Kerry Geiler-Samerotte

Kerry is an Assistant Professor in the Biodesign Institute, in the Mechanisms of Evolution Research Center. As a Postdoctoral Fellow in the Petrov Lab (2014 - 2018) her research aimed to elucidate mechanisms that regulate the amount of phenotypic variation within clonal populations as well as across genotypes. Such mechanisms are not well understood, yet have important consequences. For example, the breakdown of mechanisms that buffer phenotypic variation may allow adaptation to novel environments, as well as contribute to complex genetic disease.
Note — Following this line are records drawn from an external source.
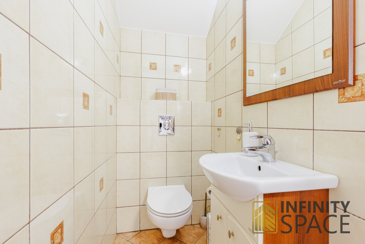 - dużą łazienkę, o powierzchni blisko 9 m2.
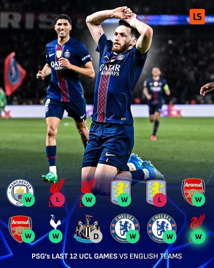 数据统计显示,巴黎在欧冠最近12次对阵英超球队,豪取9胜1平2负。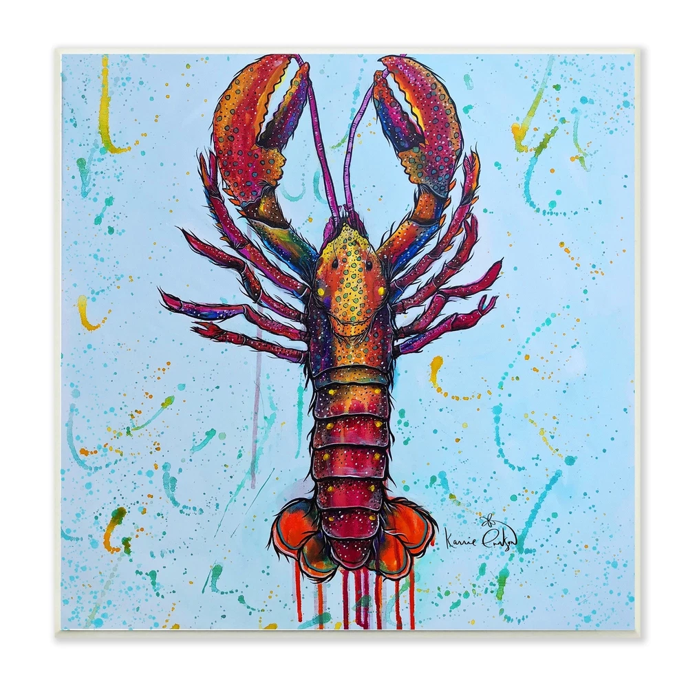 Proudly made in the USA, all of our wall plaques start off as high quality lithograph prints that are then mounted on durable 0.5 inch thick MDF wood. Each piece is hand finished and comes with a fresh layer of foil on the sides to give it a crisp clean look. It arrives ready to hang with no installation required, and comes with sturdy clear corners to keep it from damaging in transit.Features: Wall Art is Ready to Hang - No Installation or Hardware Needed. For Easy Set Up Lean or Layer Artwork on Shelf or Against Wall.All of our wall plaques start off as high quality lithograph prints that are then mounted on durable 0.5 inch thick MDF wood. Each piece is hand finished and comes with a fresh layer of foil on the sides to give it a crisp clean look. Made In USA.Artwork Relates To: Sea Free Shipping Over $49.99* Details Stupell Urban Style Lobster Paint Splatter Sea Life Wood Wall Art, Design by Product Description: Proudly made in the USA, all of our wall plaques start off as high quality lithograph prints that are then mounted on durable 0.5 inch thick MDF wood. Each piece is hand finished and comes with a fresh layer of foil on the sides to give it a crisp clean look. It arrives ready to hang with no installation required, and comes with sturdy clear corners to keep it from damaging in transit. Features: Wall Art is Ready to Hang - No Installation or Hardware Needed. For Easy Set Up Lean or Layer Artwork on Shelf or Against Wall. All of our wall plaques start off as high quality lithograph prints that are then mounted on durable 0.5 inch thick MDF wood. Each piece is hand finished and comes with a fresh layer of foil on the sides to give it a crisp clean look. Made In USA. Artwork Relates ToSea Life; Animal; Crawdad; Seafood; Lobster; Painting; Design by Karrie Evenson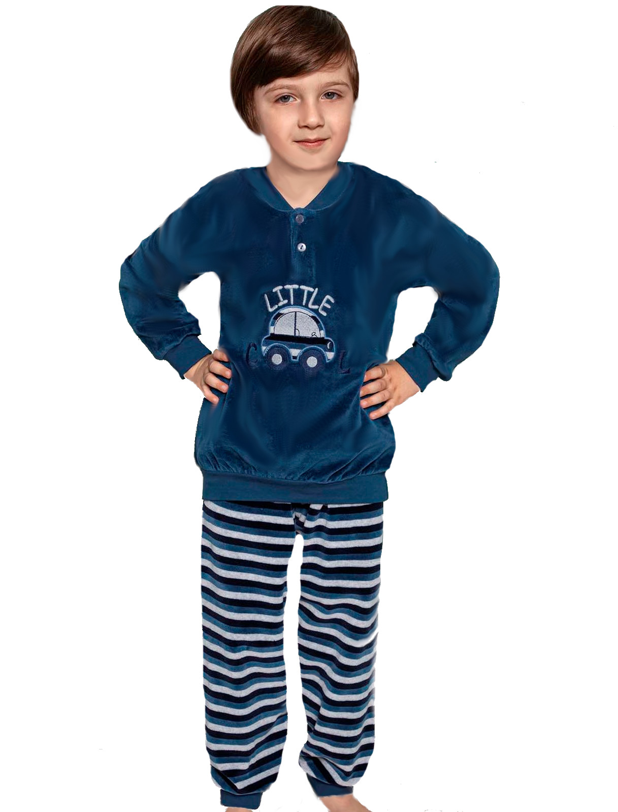Nádherné chlapecké pyžamo ze sametu na knoflíčky, rukávy a nohavice jsou do nápletu.

Together with a graduate student in the lab, Grant Kinsler, Kerry developed an approach to build genotype-phenotype-fitness maps of adaptation using the fitness data across multiple similar environments and co-discovered the notion of fitness-relevant modularity of adaptation. Kerry became interested in protein-folding chaperones as possible regulators of phenotypic variation while quantifying the fitness cost of protein misfolding during her graduate work at Harvard University in the laboratories of Dan Hartl and Allan Drummond. Her recent research as a postdoctoral fellow in Mark Siegal's lab at New York University focuses on a particular protein-folding chaperone, HSP90. This work demonstrates that HSP90 suppresses non-genetic phenotypic heterogeneity, but interacts epistatically with genetic perturbations (rather than strictly as a suppressor).